Set down, word for word, each line from the top of the data through the line that has "建議第一輪帶雙岩和後台掛水/"; omit every picture.

» **SUPPLIED MATERIAL**
»»

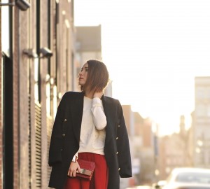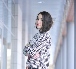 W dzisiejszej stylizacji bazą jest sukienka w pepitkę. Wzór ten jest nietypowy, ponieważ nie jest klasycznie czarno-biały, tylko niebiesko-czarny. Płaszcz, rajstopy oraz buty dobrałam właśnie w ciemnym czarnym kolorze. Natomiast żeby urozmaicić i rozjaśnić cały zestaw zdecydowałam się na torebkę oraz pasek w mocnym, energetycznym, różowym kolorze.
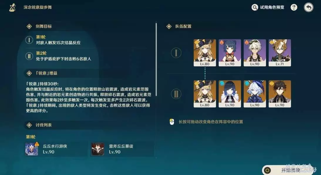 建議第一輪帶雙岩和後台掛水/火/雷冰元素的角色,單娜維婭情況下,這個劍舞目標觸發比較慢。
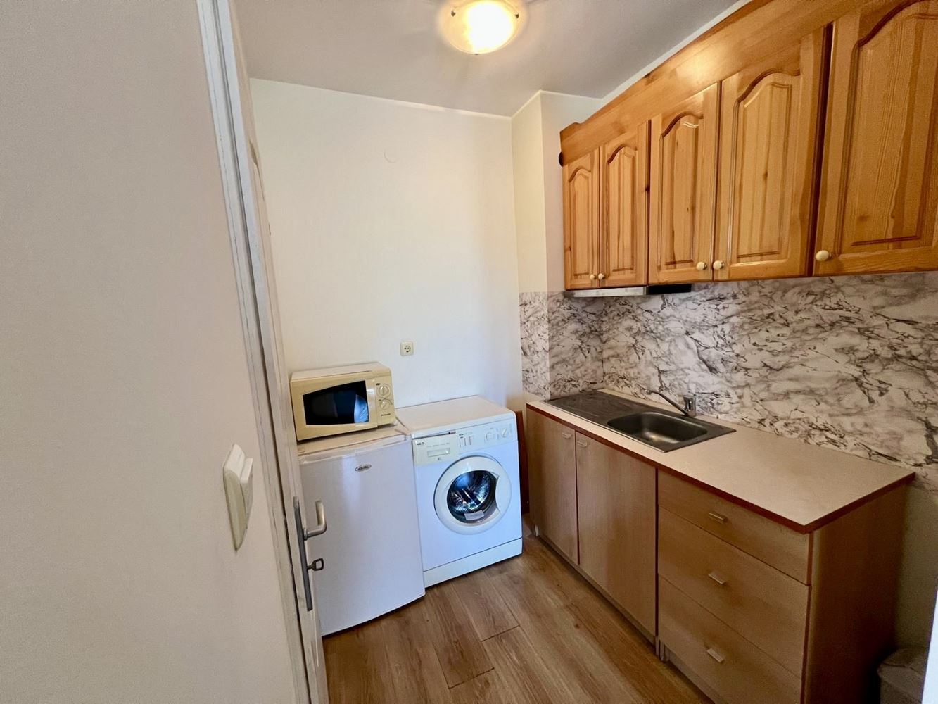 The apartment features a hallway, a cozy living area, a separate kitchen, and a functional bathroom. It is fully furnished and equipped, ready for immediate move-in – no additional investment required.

««

» **COMPLETED TASK**
 W dzisiejszej stylizacji bazą jest sukienka w pepitkę. Wzór ten jest nietypowy, ponieważ nie jest klasycznie czarno-biały, tylko niebiesko-czarny. Płaszcz, rajstopy oraz buty dobrałam właśnie w ciemnym czarnym kolorze. Natomiast żeby urozmaicić i rozjaśnić cały zestaw zdecydowałam się na torebkę oraz pasek w mocnym, energetycznym, różowym kolorze.
 建議第一輪帶雙岩和後台掛水/火/雷冰元素的角色,單娜維婭情況下,這個劍舞目標觸發比較慢。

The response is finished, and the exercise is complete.